Activity: Starting with the line that contains "PLEASE NOTE that" and stopping after the line that contains "ZF 廠葡萄牙系列 IW371605", copy the entries below exactly. Include nothing else.

** Records to process follows **

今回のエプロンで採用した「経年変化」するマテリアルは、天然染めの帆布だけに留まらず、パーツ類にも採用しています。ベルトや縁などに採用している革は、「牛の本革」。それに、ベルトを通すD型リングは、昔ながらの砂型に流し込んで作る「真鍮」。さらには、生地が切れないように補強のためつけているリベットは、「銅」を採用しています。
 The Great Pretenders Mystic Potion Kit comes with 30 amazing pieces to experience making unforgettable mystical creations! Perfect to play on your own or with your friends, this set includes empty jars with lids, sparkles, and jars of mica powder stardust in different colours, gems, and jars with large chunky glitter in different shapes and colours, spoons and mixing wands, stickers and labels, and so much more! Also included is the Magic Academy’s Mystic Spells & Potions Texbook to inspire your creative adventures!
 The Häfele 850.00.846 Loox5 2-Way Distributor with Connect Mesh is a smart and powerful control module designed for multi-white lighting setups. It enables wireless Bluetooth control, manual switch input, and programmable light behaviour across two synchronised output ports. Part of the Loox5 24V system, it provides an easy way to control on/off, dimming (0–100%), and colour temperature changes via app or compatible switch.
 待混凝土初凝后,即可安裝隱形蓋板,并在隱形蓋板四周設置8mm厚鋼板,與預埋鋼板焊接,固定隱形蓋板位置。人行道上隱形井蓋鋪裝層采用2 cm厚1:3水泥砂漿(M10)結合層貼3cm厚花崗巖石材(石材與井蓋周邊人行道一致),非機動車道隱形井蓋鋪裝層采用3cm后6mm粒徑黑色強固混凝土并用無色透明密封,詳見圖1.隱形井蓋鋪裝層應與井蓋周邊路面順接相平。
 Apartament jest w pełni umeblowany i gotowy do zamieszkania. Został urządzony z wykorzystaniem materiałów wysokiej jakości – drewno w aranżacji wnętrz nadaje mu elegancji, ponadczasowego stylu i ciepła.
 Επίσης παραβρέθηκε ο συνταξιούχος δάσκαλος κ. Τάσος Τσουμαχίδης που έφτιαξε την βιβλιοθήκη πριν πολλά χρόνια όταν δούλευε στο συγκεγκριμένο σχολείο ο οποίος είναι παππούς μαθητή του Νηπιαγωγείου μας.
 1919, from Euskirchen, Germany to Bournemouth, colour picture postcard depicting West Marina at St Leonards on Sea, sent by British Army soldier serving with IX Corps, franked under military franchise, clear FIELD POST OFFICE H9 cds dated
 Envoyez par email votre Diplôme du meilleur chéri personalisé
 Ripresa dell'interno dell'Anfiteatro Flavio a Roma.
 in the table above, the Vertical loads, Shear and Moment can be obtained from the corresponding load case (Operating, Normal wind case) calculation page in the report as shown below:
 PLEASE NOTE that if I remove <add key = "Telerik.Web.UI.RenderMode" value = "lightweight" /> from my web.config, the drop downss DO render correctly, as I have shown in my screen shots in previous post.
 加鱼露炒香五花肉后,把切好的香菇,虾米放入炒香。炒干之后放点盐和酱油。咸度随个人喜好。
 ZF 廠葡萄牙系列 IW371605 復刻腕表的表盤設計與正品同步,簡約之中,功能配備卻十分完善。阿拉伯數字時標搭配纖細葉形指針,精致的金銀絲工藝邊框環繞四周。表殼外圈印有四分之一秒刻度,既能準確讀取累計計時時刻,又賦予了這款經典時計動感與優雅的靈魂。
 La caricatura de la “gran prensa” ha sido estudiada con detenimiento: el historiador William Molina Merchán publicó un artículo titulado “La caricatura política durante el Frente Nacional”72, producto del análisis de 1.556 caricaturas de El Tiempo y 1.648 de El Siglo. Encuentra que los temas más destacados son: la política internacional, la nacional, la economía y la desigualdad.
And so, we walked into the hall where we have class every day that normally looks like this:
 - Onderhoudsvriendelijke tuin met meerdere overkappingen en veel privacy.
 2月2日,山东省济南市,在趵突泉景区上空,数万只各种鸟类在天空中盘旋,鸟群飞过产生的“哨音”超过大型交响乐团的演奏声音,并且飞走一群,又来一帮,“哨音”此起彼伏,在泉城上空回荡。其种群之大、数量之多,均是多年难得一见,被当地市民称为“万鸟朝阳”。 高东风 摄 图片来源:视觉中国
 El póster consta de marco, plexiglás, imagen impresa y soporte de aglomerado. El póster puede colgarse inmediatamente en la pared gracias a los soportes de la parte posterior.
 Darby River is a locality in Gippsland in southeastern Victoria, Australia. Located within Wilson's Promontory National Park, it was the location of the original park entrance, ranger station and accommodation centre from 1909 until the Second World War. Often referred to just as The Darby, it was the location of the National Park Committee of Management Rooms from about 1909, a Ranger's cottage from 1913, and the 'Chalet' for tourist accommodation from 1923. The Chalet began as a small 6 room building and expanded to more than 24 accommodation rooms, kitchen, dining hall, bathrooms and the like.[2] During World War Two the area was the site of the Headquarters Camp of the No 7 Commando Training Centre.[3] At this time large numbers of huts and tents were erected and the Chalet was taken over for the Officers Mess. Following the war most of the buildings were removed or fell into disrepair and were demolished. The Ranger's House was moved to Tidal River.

** End of Records to process **

Result:
 PLEASE NOTE that if I remove <add key = "Telerik.Web.UI.RenderMode" value = "lightweight" /> from my web.config, the drop downss DO render correctly, as I have shown in my screen shots in previous post.
 加鱼露炒香五花肉后,把切好的香菇,虾米放入炒香。炒干之后放点盐和酱油。咸度随个人喜好。
 ZF 廠葡萄牙系列 IW371605 復刻腕表的表盤設計與正品同步,簡約之中,功能配備卻十分完善。阿拉伯數字時標搭配纖細葉形指針,精致的金銀絲工藝邊框環繞四周。表殼外圈印有四分之一秒刻度,既能準確讀取累計計時時刻,又賦予了這款經典時計動感與優雅的靈魂。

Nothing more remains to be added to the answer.